Monte Mills v. Union Pacific Railroad Company
1:22-cv-00143
D. IdahoJan 16, 2024Background
- Monte Mills, a former conductor for Union Pacific Railroad, sued the company after being denied recertification due to failing a color vision field test (the "Light Cannon"), despite previous recertifications after passing other field tests.
- Railroads are federally required to test conductors for color vision deficiencies but have discretion over the choice of follow-up tests after an initial failure.
- Mills alleged that Union Pacific’s use of the Light Cannon test constituted unlawful disability discrimination under the Americans with Disabilities Act (ADA).
- Both parties presented expert witnesses concerning the validity and job-relatedness of the Light Cannon test.
- Union Pacific moved to exclude Mills’ expert testimony, for summary judgment, and to strike portions of Mills' evidence; Mills sought to exclude Union Pacific’s expert and introduce a supplemental authority.

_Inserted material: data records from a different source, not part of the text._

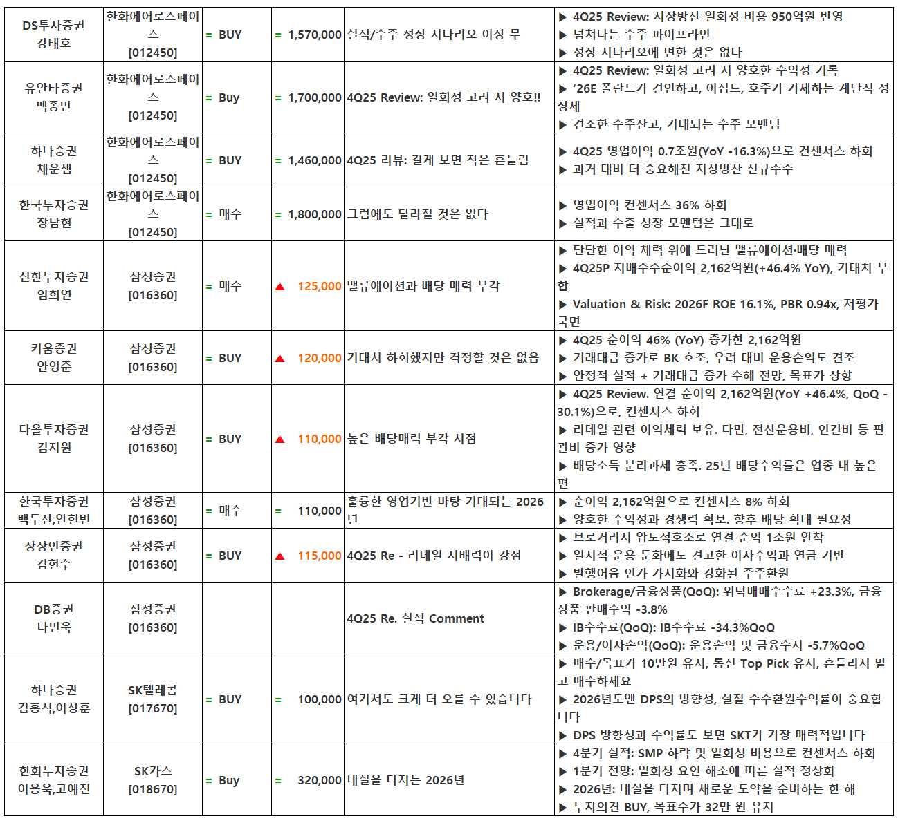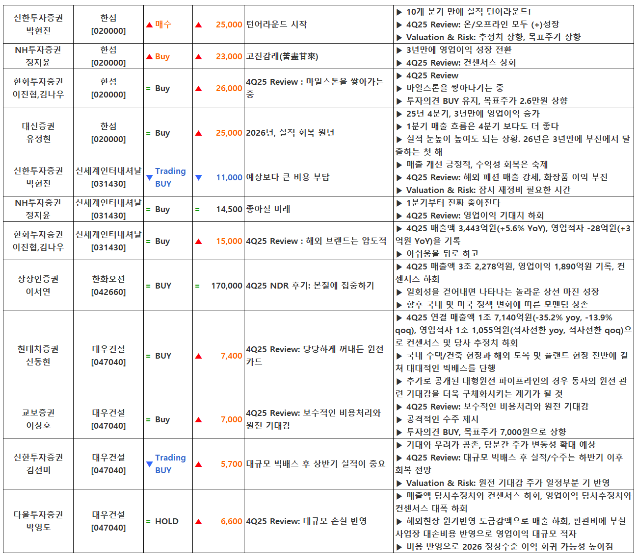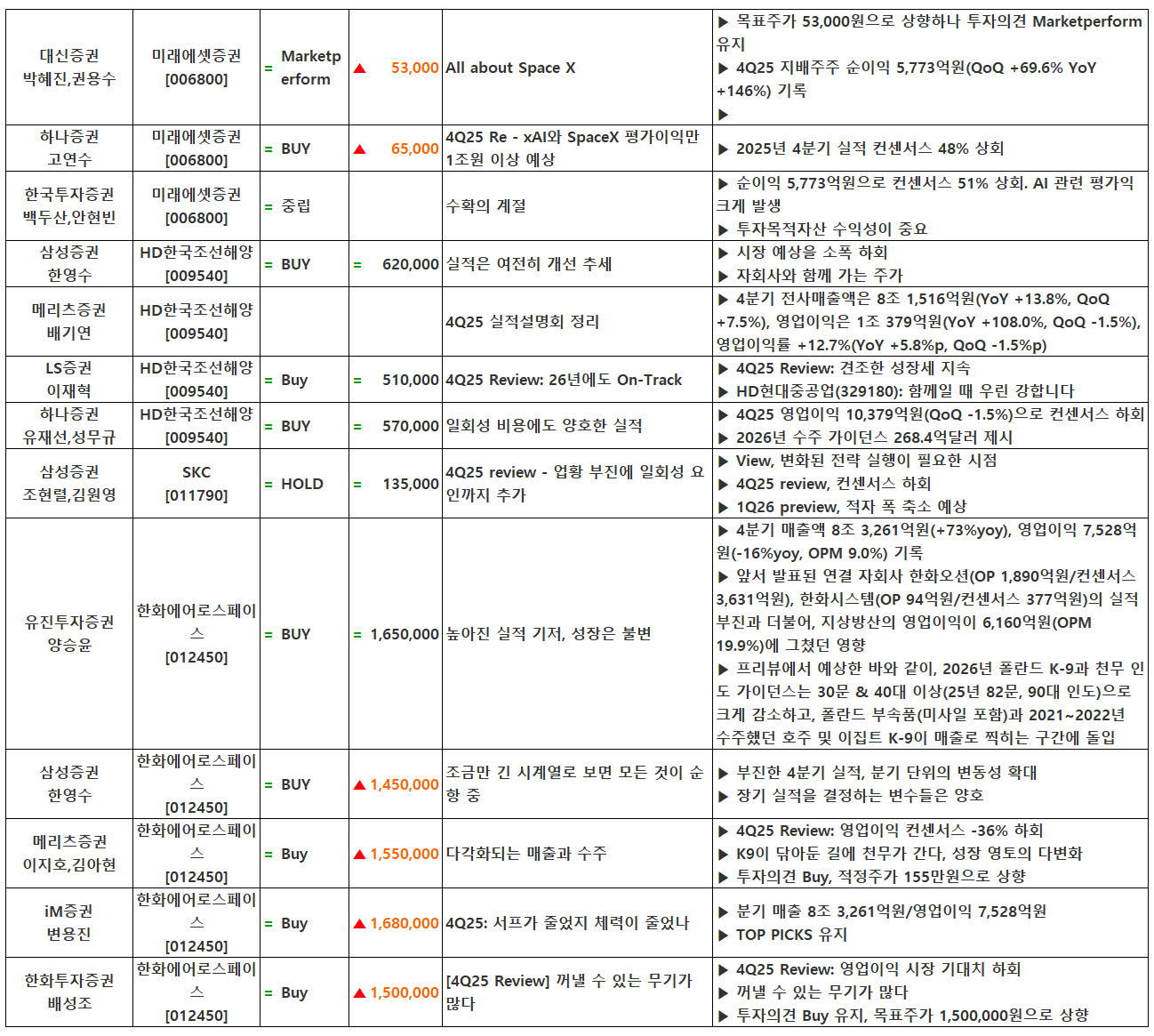 (이미지 내 글자가 잘 보이지 않으면 웹브라우저, 휴대폰 화면을 ‘가로화면’으로 보시거나, 이미지를 클릭하면 확대해서 보실 수 있습니다.) 글 내비게이션 2025년 4분기 실적 특징주(2월 9일 발표)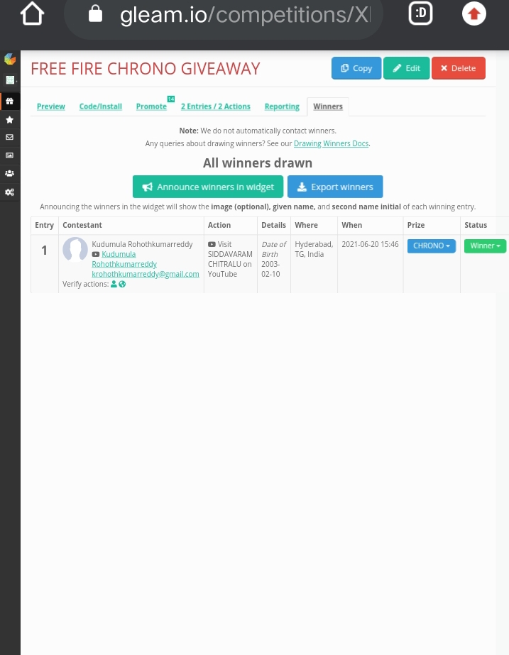 So, we conducted a giveaway contest on June 20th.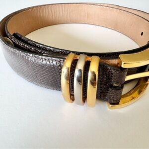 NWT Mezlan Genuine Lizard Leather Belt Gold Silver Buckle Made in Spain size 36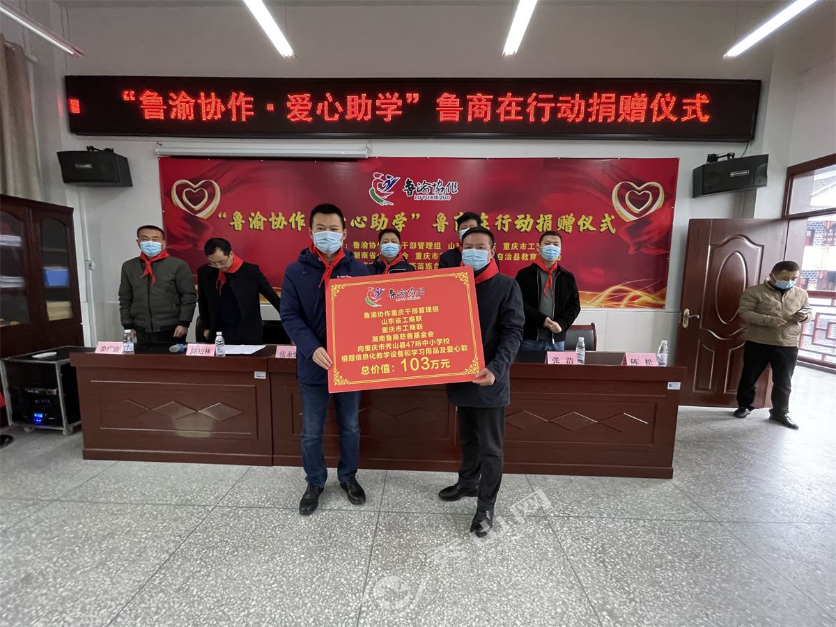 秀山網訊 1月18日,由山東省協作重慶掛職干部管理組、山東省工商聯、重慶市工商聯、湖南魯商慈善基金會聯合開展的“魯渝協作·愛心助學”魯商在行動愛心捐贈活動在梅江鎮民族小學舉行,為我縣47所中小學校捐贈價值102萬元的信息化教學設備和學習用品,以及1萬元愛心款。山東省協作重慶掛職干部管理組處長、山東省非公經濟組織黨委辦公室副主任張洋,縣人民政府黨組成員李軍,湖南省山東商會教育基金管委會執行主任張永強參加捐贈儀式。

- The decision was on pre-trial motions, notably summary judgment and evidentiary/expert challenges, not a trial verdict.
Issues
| Issue | Plaintiff's Argument | Defendant's Argument | Held |
|---|---|---|---|
| Exclusion of Union Pacific’s Expert (Fender) | Fender’s testimony is irrelevant and unreliable (lacks medical/scientific basis) | Fender’s regulatory/safety expertise makes testimony reliable and relevant | DENIED – Testimony is admissible as relevant and reliable but not dispositive |
| Summary Judgment (Timeliness of Claim) | Did not receive EEOC right-to-sue letter; claim is not time-barred | Mills received right-to-sue letter; action is untimely | DENIED – Factual dispute; Union Pacific failed to prove mailing of notice |
| Summary Judgment (Qualified Individual under ADA) | Mills is qualified based on work history and previous safe job performance | Failure of Light Cannon shows Mills isn’t qualified under federal standards | DENIED – Jury could find Mills qualified; issue of fact remains |
| Motion to Strike Plaintiff’s Experts | Experts’ opinions are based on facts and their expertise, not mere hearsay | Opinions are speculative, founded on another’s study, no personal knowledge | DENIED – Testimony has a sufficient factual basis, meets admissibility standards |
| Notice of Supplemental Authority | EEOC complaint against Union Pacific is relevant and should be considered | Mere complaint filing is not legal authority | SUSTAINED – Complaint is not supplemental authority; notice stricken |
Key Cases Cited
- Daubert v. Merrell Dow Pharms., Inc., 509 U.S. 579 (admissibility standards for expert testimony)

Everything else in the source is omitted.